Reflexión sobre Hb 13, 8

«¡Jesucristo es el mismo ayer, hoy y por los siglos!»

Antes de que Jesús resucitara a Lázaro, que llevaba cuatro días en el sepulcro, Marta le dijo a Jesús: «Señor, si hubieras estado aquí, mi hermano no habría muerto». Jesús le dijo: «Tu hermano resucitará». Marta le contestó: «Yo sé que resucitará en la resurrección, en el día final». Le dijo Jesús: «Yo soy la resurrección y la vida».

Jesús es el mismo ayer, hoy y por los siglos. Así que Él tiene el mismo poder y puede resucitar a los muertos aun hoy, especialmente a los muertos espiritualmente. Él puede hacer las mismas cosas que hizo cuando estuvo aquí en la tierra. Cuando leemos las vidas de los santos y mártires, vemos que a través de muchos el Señor hizo grandes milagros antes de que murieran, es decir, mientras estaban siendo martirizados. Por ejemplo, los milagros con las fieras, cuando los leones hambrientos en la arena no despedazaban a los mártires, sino que los lamían y se sentaban a sus pies como ovejas.
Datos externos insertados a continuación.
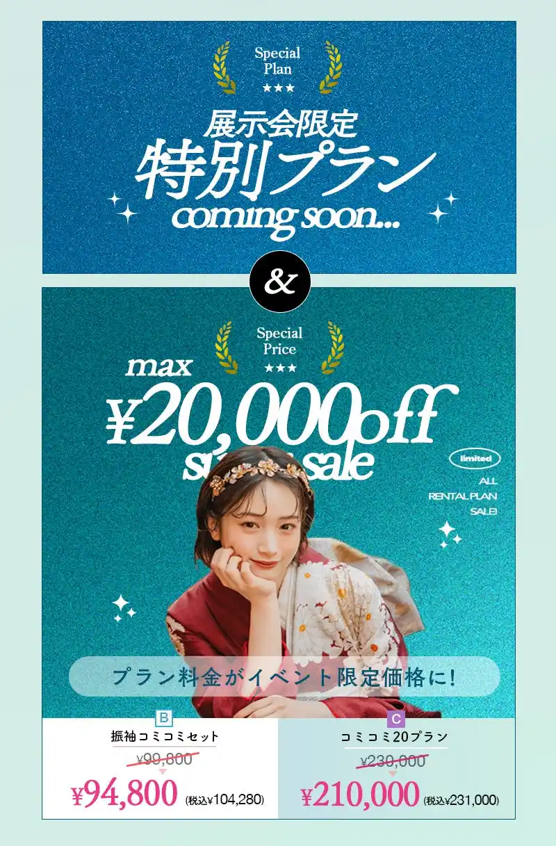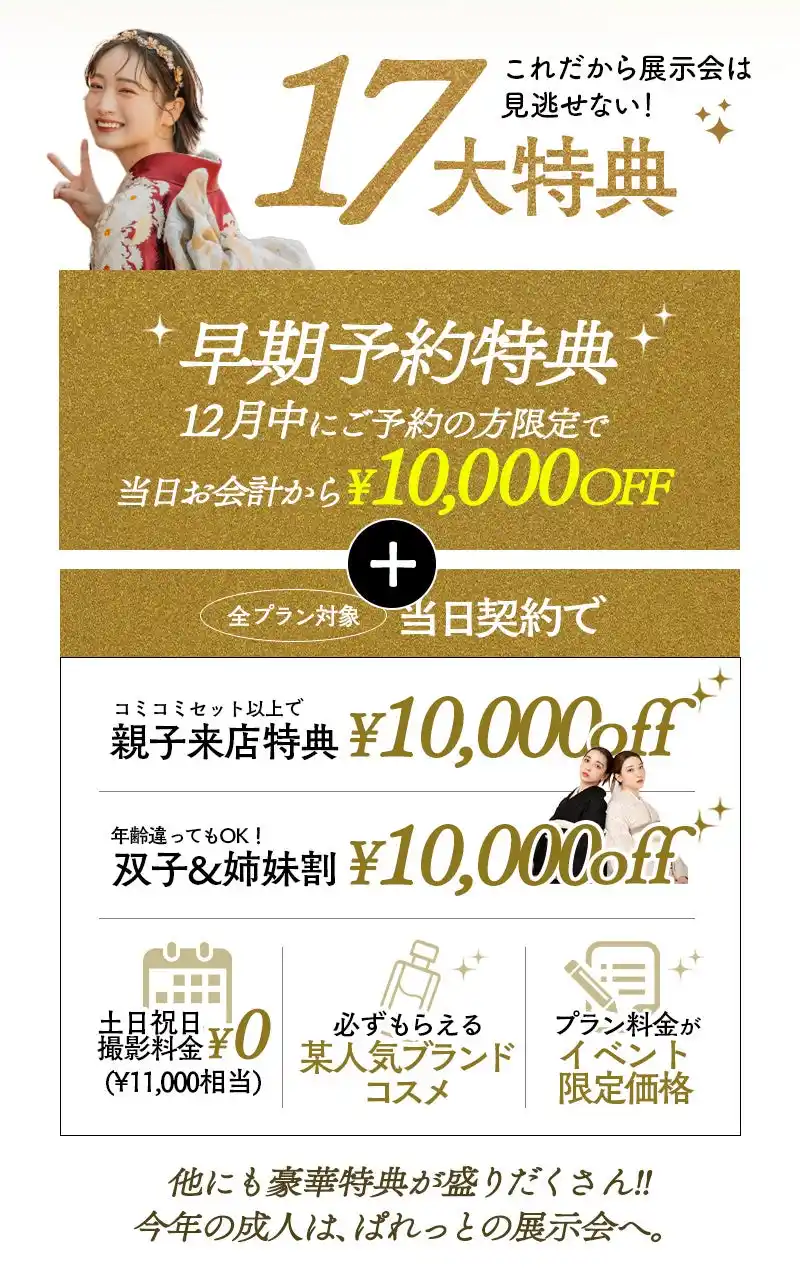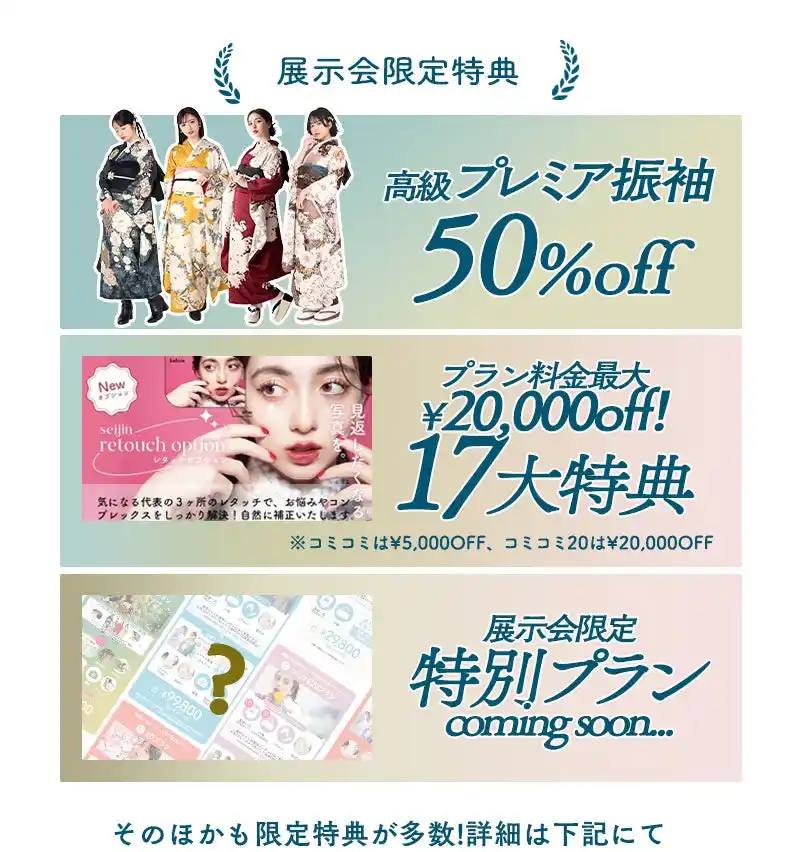 展示会に一歩足を踏み入れた瞬間から、あなたの成人式準備はもっと楽しくなります。今しか受け取れない、夢を叶える豪華な特典をご用意しました。 |

Otras veces, cuando eran encarcelados tras crueles torturas, sus cuerpos se recuperaban completamente al día siguiente. Este fue el caso de innumerables mártires. Algunos incluso fueron arrojados al horno y salieron ilesos. Al ver esto, muchos paganos gritaron: «¡Grande es el Dios de los cristianos!». Gracias a estos milagros se convertían y confesaban a Jesús. Incluso estaban dispuestos a sufrir la misma tortura y la muerte por Él. En la vida de estos mártires y santos se menciona a algunos que resucitaron a los muertos. No por su propio poder, sino que fue el mismo Jesús quien lo hizo por Su divina omnipotencia.

Recordemos que Jesús es el mismo hoy. Nosotros, como Marta, creemos que Jesús hizo obras poderosas como se describen en los Evangelios, y también creemos que Jesús no solo resucitó de entre los muertos Él mismo, sino que también nos resucitará en el futuro. Esta es la fe en el Jesús del pasado y del futuro. Pero lo más importante para nosotros es este tiempo, el «ahora» y el «hoy». Necesitamos fuerza para luchar contra el pecado, fuerza para resistir la influencia de este mundo, y por eso tenemos que acudir a Jesús con fe y creer que Él es el mismo. Por ejemplo, levantamos la montaña en oración. Jesús dice al respecto: «Si tenéis fe como un grano de mostaza, diréis a este monte (espiritual): “Quítate y arrójate al mar”, así sucederá». ¿Cómo es eso? Lo hace la omnipotencia de Dios. Lentamente invocamos el nombre de Jesús y damos pasos de fe en unión con Jesús para que esas montes invisibles de demonios se quiten y arrojen al mar del infierno. ¿Pero tenemos fe en ese momento? ¿Estamos unidos a Jesús por la fe? ¿Y recordamos que Él es el mismo hoy, en este momento? ¿Que Su poder omnipotente actúa a través de nuestra oración de fe?

La fe es lo que vence al mundo. Hay una fe falsa y hay una fe bíblica que nos une a Jesús cuando confiamos en Él y en Su Palabra. Él es verdaderamente el mismo ayer, es decir, en el pasado, y también vendrá con poder en el futuro, pero es el mismo hoy. Démonos cuenta de esto sobre todo durante la santa misa, especialmente en el momento de silencio antes y después de la consagración, o durante cualquiera de nuestras oraciones en las que pedimos con fe la intervención de Dios. En ese momento, tenemos que apoyarnos en la Palabra de Dios y no dudar de la omnipotencia de Dios, es decir, de que Jesús está aquí, conmigo y en mí, y que lo hace a través de mi fe.